Each line below should be repeated exactly as written, with no pictures carried over.

Material provided:
--- START ---
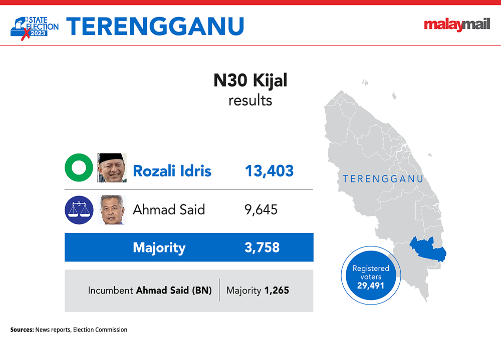 CHUKAI, Aug 12 — Terengganu Umno Liaison Body chairman Datuk Seri Ahmad Said failed to defend the Kijal seat he had held for nine terms in the Terengganu state election today.
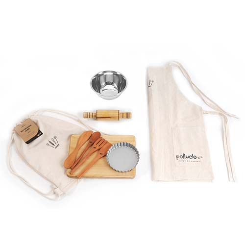 Cuidados: Para la limpieza, puedes lavar los implementos tal como lo haces con los utensilios de la cocina. La bolsa y delantal de tela en la máquina lavadora en un ciclo normal a máx. 30º. Recomendamos que guardes los utensilios de madera dentro de su bolsa de género o en una bolsa respirable.
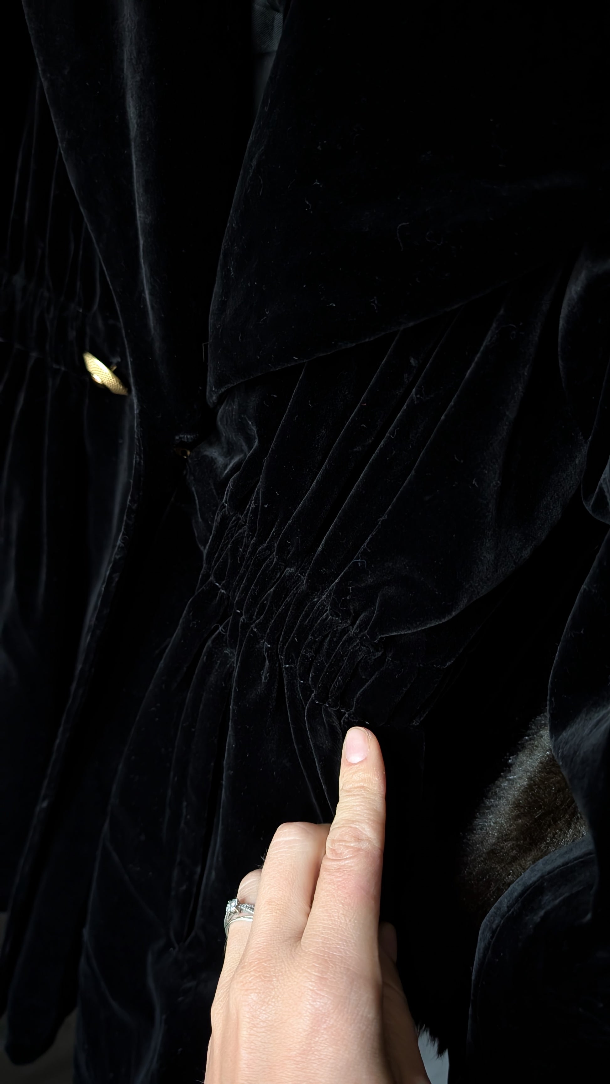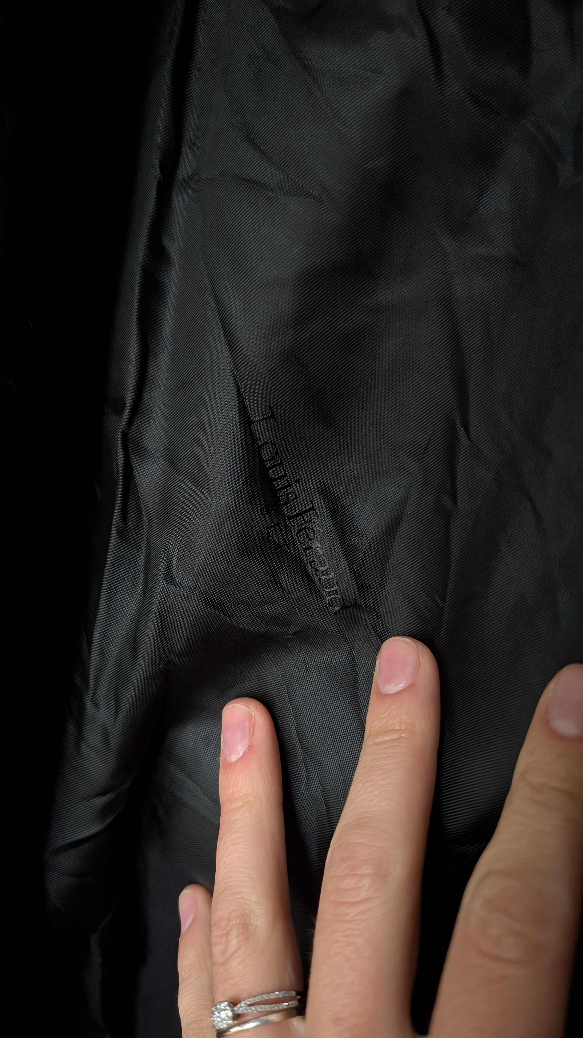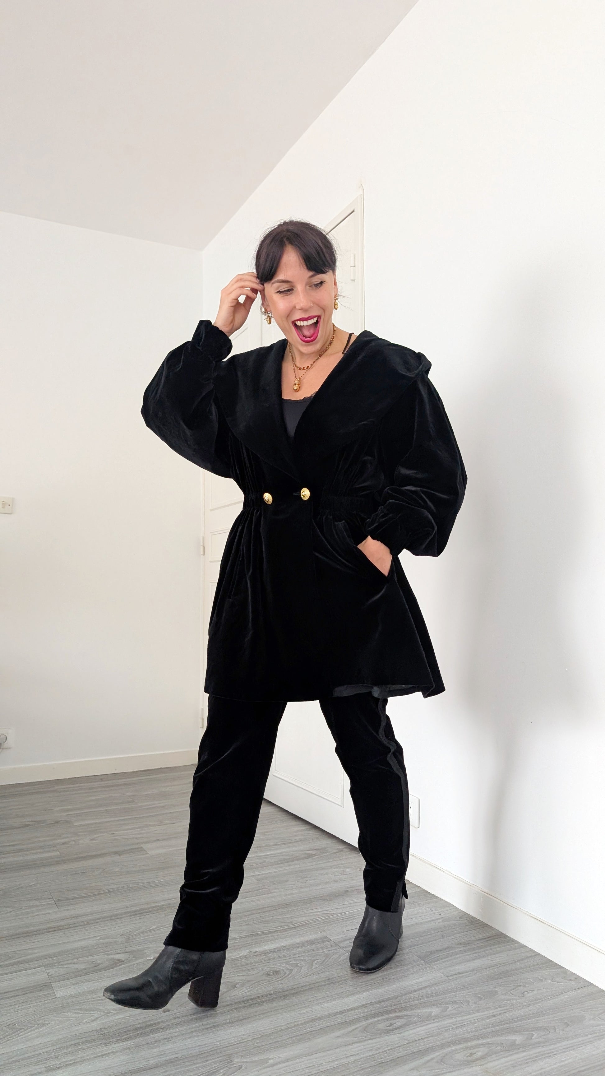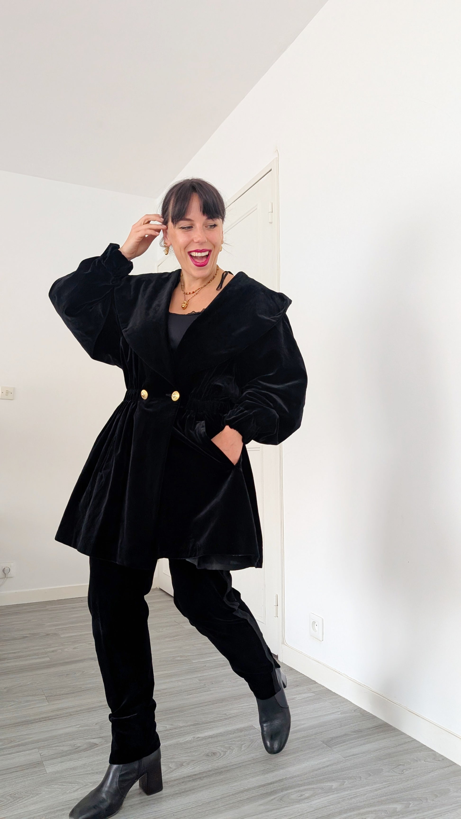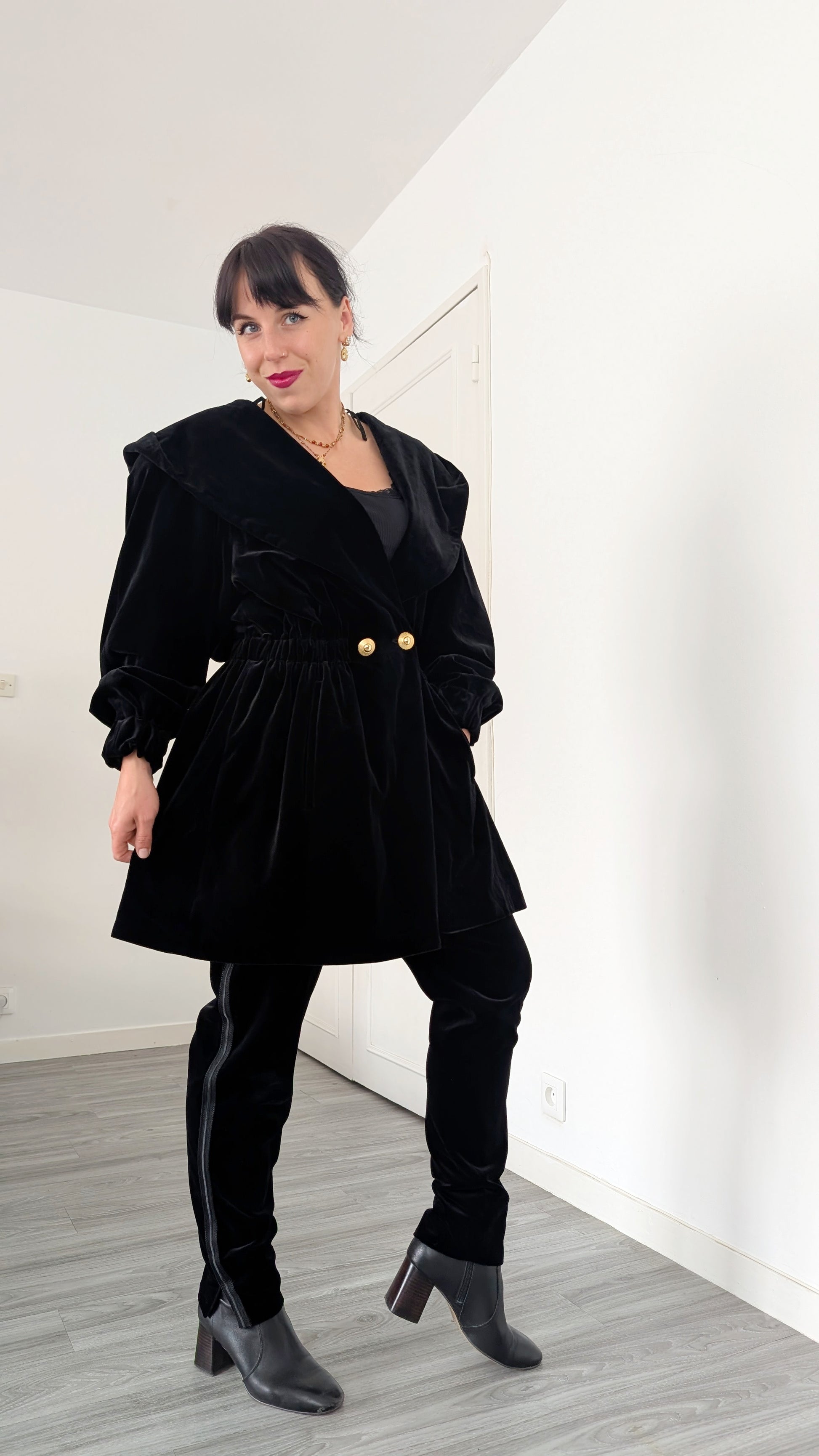 Mensurations : veste aisselles/buste 50 cm, longueur 89 cm, épaules 47 cm, longueur manches 65 cm
--- END ---
Reply:
 CHUKAI, Aug 12 — Terengganu Umno Liaison Body chairman Datuk Seri Ahmad Said failed to defend the Kijal seat he had held for nine terms in the Terengganu state election today.
 Cuidados: Para la limpieza, puedes lavar los implementos tal como lo haces con los utensilios de la cocina. La bolsa y delantal de tela en la máquina lavadora en un ciclo normal a máx. 30º. Recomendamos que guardes los utensilios de madera dentro de su bolsa de género o en una bolsa respirable.
 Mensurations : veste aisselles/buste 50 cm, longueur 89 cm, épaules 47 cm, longueur manches 65 cm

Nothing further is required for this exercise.